Received: 25 October 2015

Accepted: 2 February 2016

Published: 12 February 2016



The exact pathophysiology of cluster headache is unclear. We examined the influence of interneurons on the trigemino-facial reflex arch and the effect of oxygen, by using the nociception specific blink reflex parameters.


There is no significant effect of oxygen, immediately and over time, on the nociception specific blink reflex parameters in ten male patients during the active phase of cluster headache, outside attacks. Also, there is no significant difference between the symptomatic and asymptomatic side. None of the subjects experienced a cluster headache attack during study participation. We therefore present the collected data as reference values of nociception specific trigeminal stimulation and the effect of oxygen on nociception specific blink reflex parameters.


The nociception specific blink reflex seems not a suitable instrument for exploring the pathophysiology of cluster headache.


  • Cluster headache
  • Nociception specific blink reflex
  • Oxygen therapy
  • Normal values


The exact pathophysiology of cluster headache (CH) is unclear. Previous studies have shown that 100% oxygen (O2) therapy is a notable CH attack reliever [1]. Exactly how oxygen exerts its pain reducing effect in patients with CH is uncertain, but it is shown to directly or indirectly cause vasoconstriction. Indirect vasoconstriction can be the result of a possible action on the parasympathetic outflow from the superior salivatory nucleus, as is shown in rats [2].

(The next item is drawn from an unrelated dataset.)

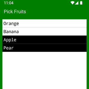 multi-selection. This is the highlight color of a single selection. color A color string default is #0xFF00C000
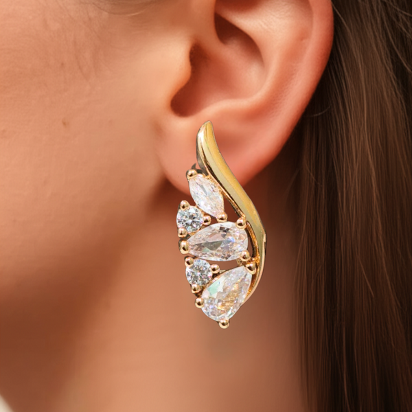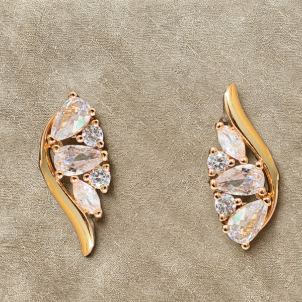 Add a touch of nature’s elegance to your ensemble with the Graceful Bloom Crystal Vine Earrings. Crafted in a graceful vine-like design, these earrings feature marquise and teardrop-cut sparkling cubic zirconia stones set in a luxurious gold-tone finish. Perfectly blending sophistication and charm, they hug the ear gently for a refined, feminine look.

The blink reflex (BR) is a brainstem reflex, elicited through stimulation of the supraorbital nerve, derived from the first branch of the trigeminal nerve, resulting in a bilateral blink reaction of the eyelids through the facial nerve. The BR is composed of an early pontine response (R1), and a late medullary response (R2) [3]. R1 is oligosynaptic, ipsilateral and not clinically visible, whereas R2 is polysynaptic, bilateral and clinically observable [4]. A nociception specific blink reflex (nBR) can be elicited by transcutaneously selectively stimulating superficial nociceptive A-delta fibers of the supraorbital nerve with a concentric planar stimulating electrode. The response consists of only a bilateral R2. Using the nBR, the function of the afferent trigeminal and efferent facial nerves and their central connections can be assessed [3].

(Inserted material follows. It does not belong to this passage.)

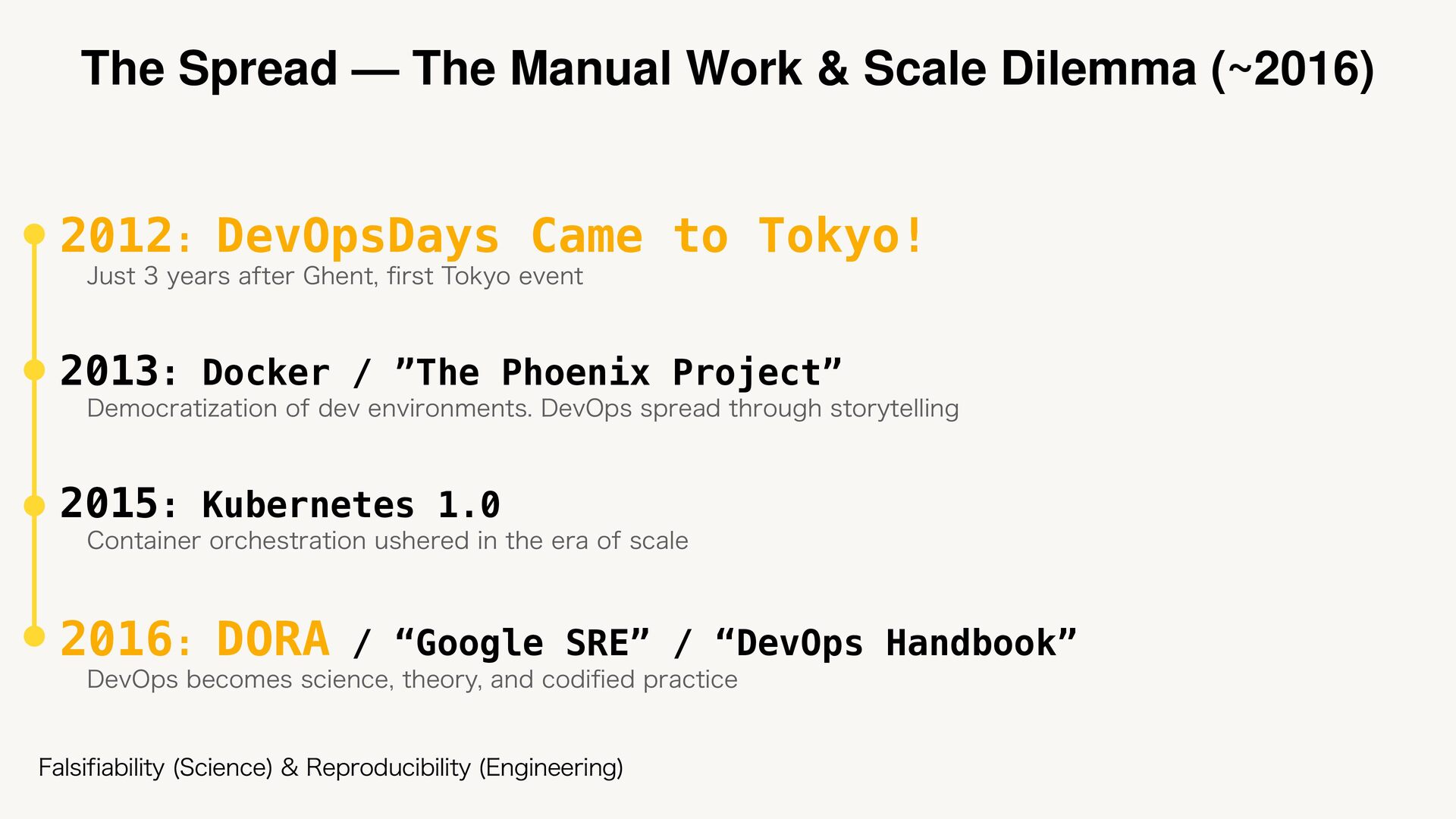 2012: DevOpsDays Came to Tokyo! +VTUZFBSTBGUFS(IFOU  fi STU5PLZPFWFOU 2013: Docker / ”The Phoenix Project” %FNPDSBUJ[BUJPOPGEFWFOWJSPONFOUT%FW0QTTQSFBEUISPVHITUPSZUFMMJOH 2015: Kubernetes 1.0 $POUBJOFSPSDIFTUSBUJPOVTIFSFEJOUIFFSBPGTDBMF 2016: DORA / “Google SRE” / “DevOps Handbook” %FW0QTCFDPNFTTDJFODF UIFPSZ BOEDPEJ fi FEQSBDUJDF 'BMTJGJBCJMJUZ 4DJFODF 3FQSPEVDJCJMJUZ &OHJOFFSJOH

We wanted to examine the influence of interneurons on the trigemino-facial reflex arch and the effect of high-flow (12 liter/minute (L/min)) O2 by using the nBR and its parameters. However, none of the subjects experienced a CH attack during study participation, despite the fact that all of the subjects were in a cluster period at the time. This was possibly due to a preventive effect of nociception specific trigeminal stimulation on CH attacks [5]. We therefore present the data as reference values of the nBR parameters in patients in a cluster period outside a CH attack and the effect of high-flow O2 inhalation.


Information concerning study population, in- and exclusion, equipment and questionnaires was already described in a previous publication [5]. The study was approved by the local ethics committee. All patients gave written informed consent. The study terminated early because none of the patients experienced a CH attack during clinical study time. One patient was excluded because the diagnosis of CH was questioned following study participation. CH patients were not compared to healthy controls; the baseline measurement was considered a control.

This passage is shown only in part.